December 18, 2012 – The year 2012 has provided significant progress in broadband within the United States. Whether through policy developments, or through technologies advancing the rate of internet speeds, the business case for making use of those higher speeds is also progressing in a meaningful way.
It’s almost as if the presidential and other federal elections – dominated as they were by issues other than broadband and technology – allowed the breathing room for practitioners, in Washington and outside of Washington, to make progress on bringing the nation better broadband.
Here’s the list of the 10 most significant events for broadband. We’ll soon follow up with 10 broadband developments to watch for in 2013.
1. Revisions to the Universal Service Fund.
At the end of 2011, the Federal Communications Commission began a major overhaul of the decades-old Universal Service Fund. Through an order of more than 700 pages, the agency created three major new funds: the Connect America Fund, the Mobility Fund, and a much smaller Remote Areas Fund, for extremely rural areas, particularly in Alaska. Throughout 2012, the FCC undertook Phase I of both the Connect America Fund and the Mobility Fund. The Mobility Fund has been particularly successful. In September, the FCC held its first “reverse auction” for $300 million in subsidies for mobile broadband: awards went to the mobile providers willing to serve the most unserved census blocks at the lowest prices. By contrast, the Connect America Fund, for wireline providers, was undersubscribed; over the summer the FCC awarded $115 million to large so-called “price cap” carriers, including CenturyLink and Frontier. The agency had been looking to spend $300 million; it will soon begin the process for $185 million of awards in Phase 2.

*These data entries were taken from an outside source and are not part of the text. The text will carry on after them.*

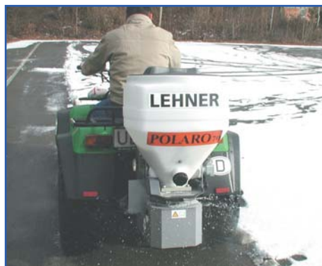
POLARO® 70 am ATV mit Schneeräumschild

Montagebohrungen sind im Rahmen auf der Rückseite und unten vorhanden. Dadurch ist es möglich, Streugut wie Salz, Splitt, Sand und Dünger ohne Spezialfahrzeuge zu streuen.
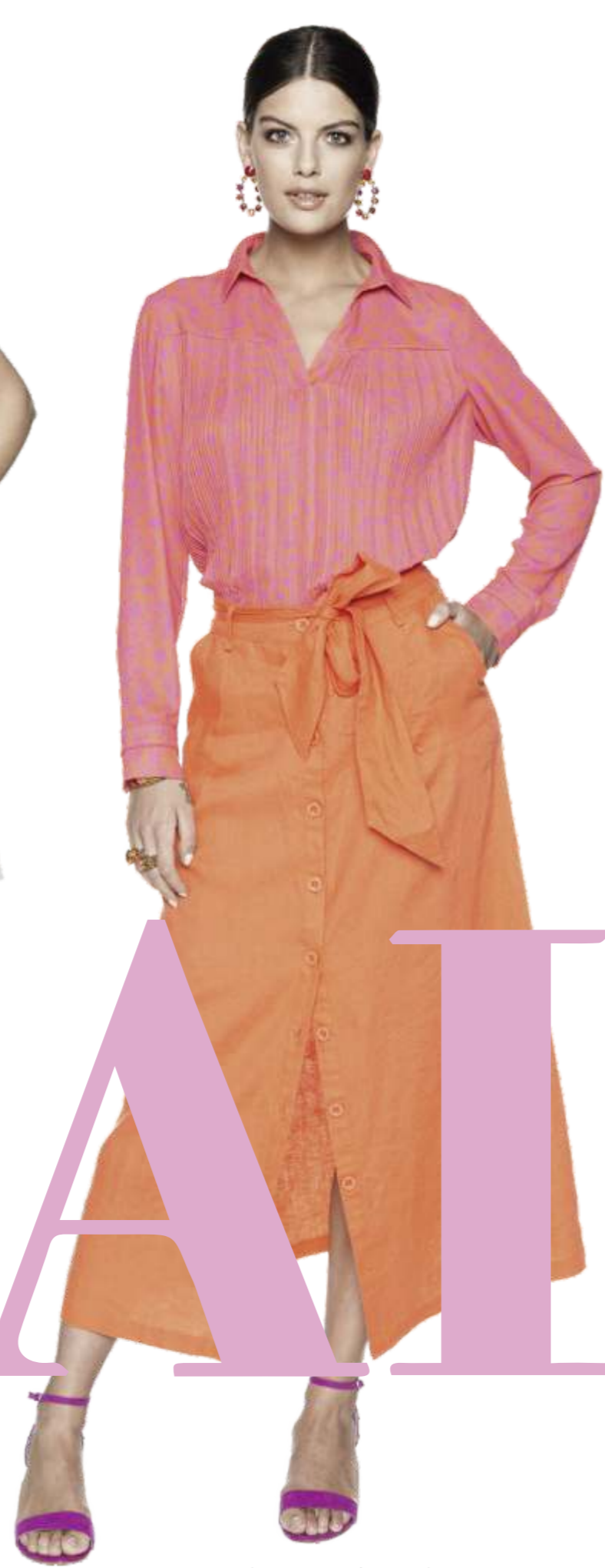
Blouse MV: 1624-640 OE: 16241-641 Skirt MV: 408945689
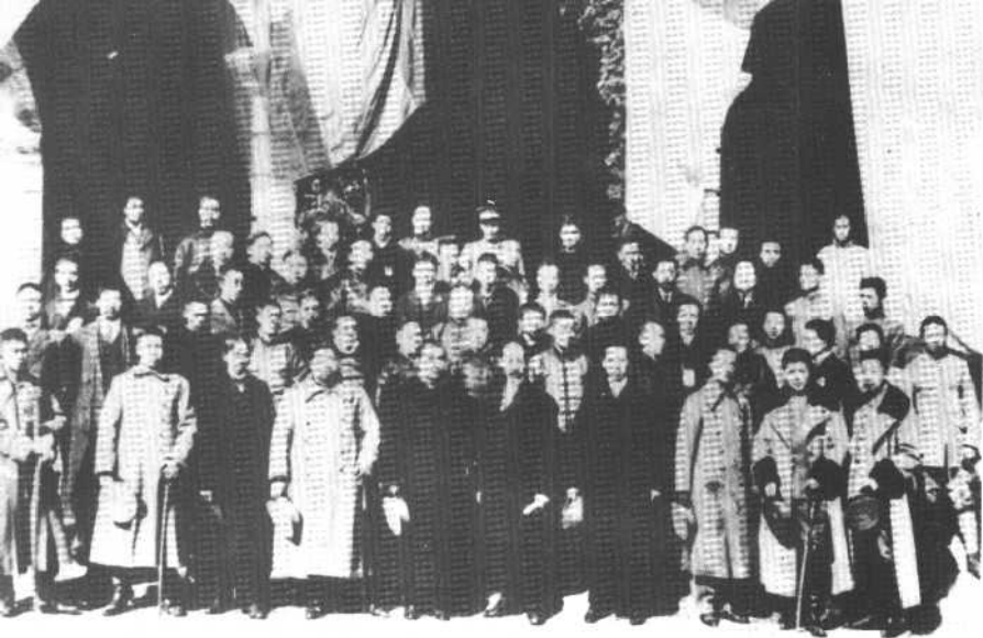
一九一二年孙中山在南京就临时大总统职
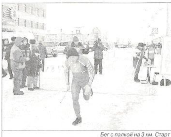
Бег с палкой на 3 км. Старт
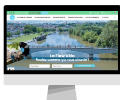
SITE INTERNET DES ITINÉRAIRES NATIONAUX (prestataire visible sur la carte de l'itinéraire et dans une fiche spécifique)

à forte audience puisent leurs informations depuis APIDAE (site d'information touristique) et vous permettent donc d'être valorisé :
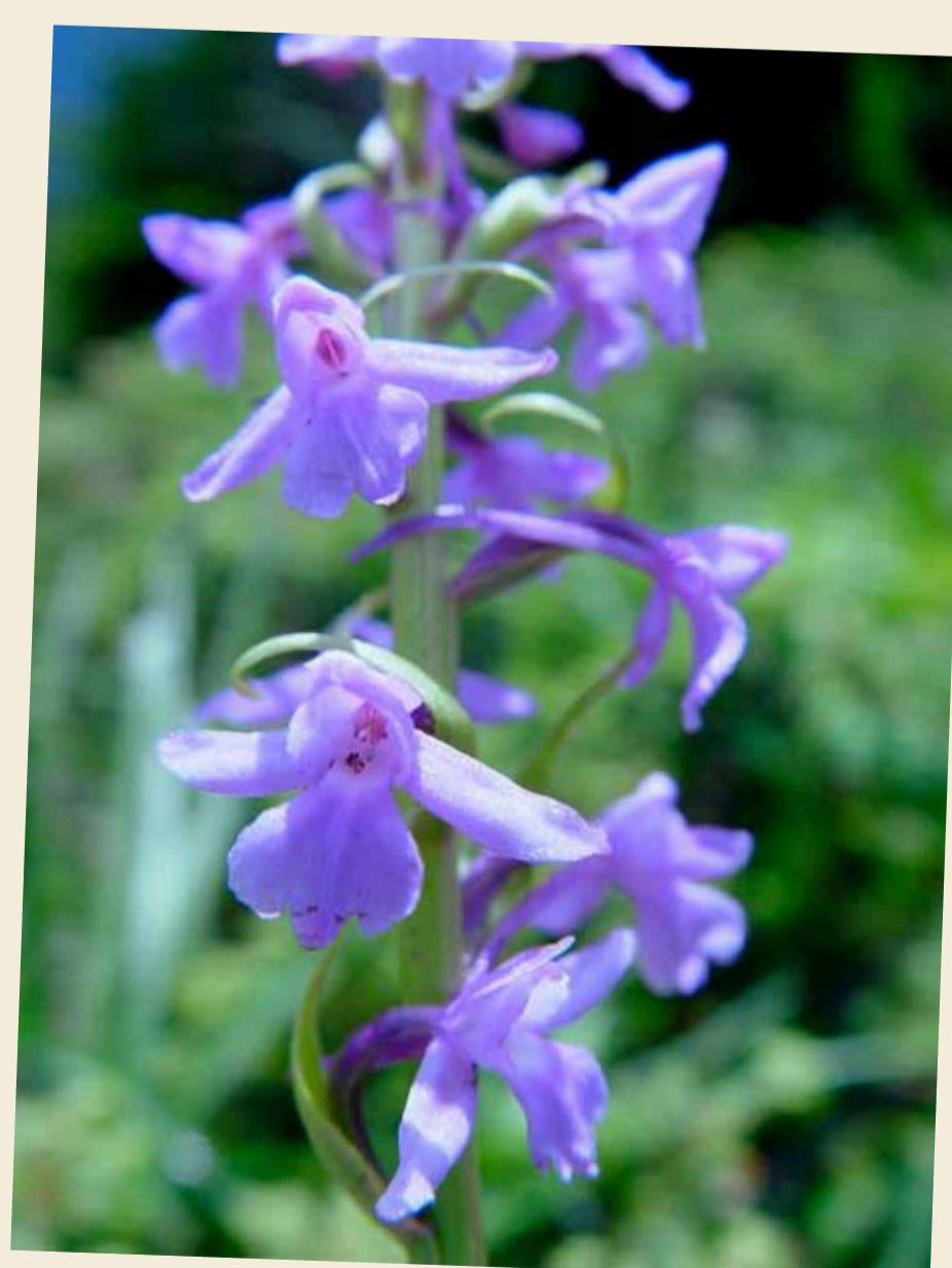
Orchis moucheron, Gymnadenia conopsea
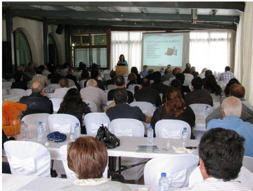
Στιγμιότυπο από την Ημερίδα

Η Αναπτυξιακή Εταιρεία Κοινοτήτων Περιοχής Τροόδους ανέφερε ότι τα αποτελέσματα που είχαν τεθεί κατά το σχεδιασμό της Δράσης έχουν επιτευχθεί σε μέγιστο βαθμό. Τα ποσοστά ήταν τα εξής: Για το Περιεχόμενο Προγράμματος 75,41%, για τους Μεθόδους Κατάρτισης 88,52%, για την Οργάνωση Κατάρτισης 77,87%, για τους Ομιλητές 80,60% και για την επίτευξη των στόχων της ημερίδας 80%.
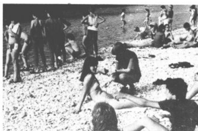
Po kosilu se prileže sončenje ob Savi.

Zadnji večer je bila na vrsti taborniška poroka. Zanimiva je bila predvsem zaradi množičnosti. Poročilo se je kar 10 parov. Toliko se jih ni verjetno v vsej zgodovini odreda Jezerski zmaj. Matičar je imel veliko

2. LTE Reaches the Mass Market.
Even though major wireless carriers such as Verizon Communications began promoting its fourth-generation wireless standard dubbed LTE (for long-term evolution) for more than two years, in 2012 LTE became a reality for middle America. Verizon has been quicker than AT&T, but AT&T has expanded more rapidly over the past year. From November 2011, when Verizon Wireless boasted coverage in 190 markets to AT&T’s 15 markets, one year later Verizon Wireless offers service in 441 markets, serving 250 million people. AT&T now offers 190 markets, and is available to 150 million people. Plus, with the launch of the Apple iPad 3 in March of 2012, the first Apple device with LTE technology, consumers could now obtain real-world download and upload speed in excess of 10 megabits per second. For the first time it begins to be possible to envision wireless as a substitute for DSL or cable connectivity, provided that consumers adapt to metered charges for mobile data consumption.

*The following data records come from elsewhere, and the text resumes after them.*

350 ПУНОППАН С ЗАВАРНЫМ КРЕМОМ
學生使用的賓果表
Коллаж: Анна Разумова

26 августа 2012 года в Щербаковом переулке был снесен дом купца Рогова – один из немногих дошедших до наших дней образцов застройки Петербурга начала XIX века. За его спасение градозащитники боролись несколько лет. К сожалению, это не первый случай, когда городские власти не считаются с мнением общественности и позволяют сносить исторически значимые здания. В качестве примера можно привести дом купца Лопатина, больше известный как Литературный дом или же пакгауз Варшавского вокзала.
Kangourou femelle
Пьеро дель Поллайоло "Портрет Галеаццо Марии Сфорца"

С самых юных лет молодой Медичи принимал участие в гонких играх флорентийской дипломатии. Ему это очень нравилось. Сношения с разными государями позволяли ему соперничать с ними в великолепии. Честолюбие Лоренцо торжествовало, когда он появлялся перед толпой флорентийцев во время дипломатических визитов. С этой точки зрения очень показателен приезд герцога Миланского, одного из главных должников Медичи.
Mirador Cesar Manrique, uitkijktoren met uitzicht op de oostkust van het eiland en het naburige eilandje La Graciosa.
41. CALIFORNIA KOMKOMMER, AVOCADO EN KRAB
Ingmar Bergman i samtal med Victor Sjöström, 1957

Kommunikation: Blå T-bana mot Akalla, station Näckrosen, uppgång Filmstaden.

3. Gigabit Fiber Initiatives at the Local Level.
In Illinois, Gov. Patrick Quinn (D) announced the Illinois Gigabit Communities Challenge in the State of the State address on February 1, 2012. The challenge offered $6 million in funding to broadband companies and public-private partnerships proposing gigabit-level connectivity to at least 1,000 residents within their community. Illinois joined a number of other locations, including Chattanooga, Tennessee, and Lafayette, Louisiana, with “big broadband” projects designed to bring economic enhancement through super-fast connectivity. Following a competition which that spurred 40 applicants in Illinois, the first two Gigabit awards – to Gigabit Squared, the University of Chicago and several neighborhoods on the South Side of Chicago; and to Aurora, Illinois – were announced on October 16.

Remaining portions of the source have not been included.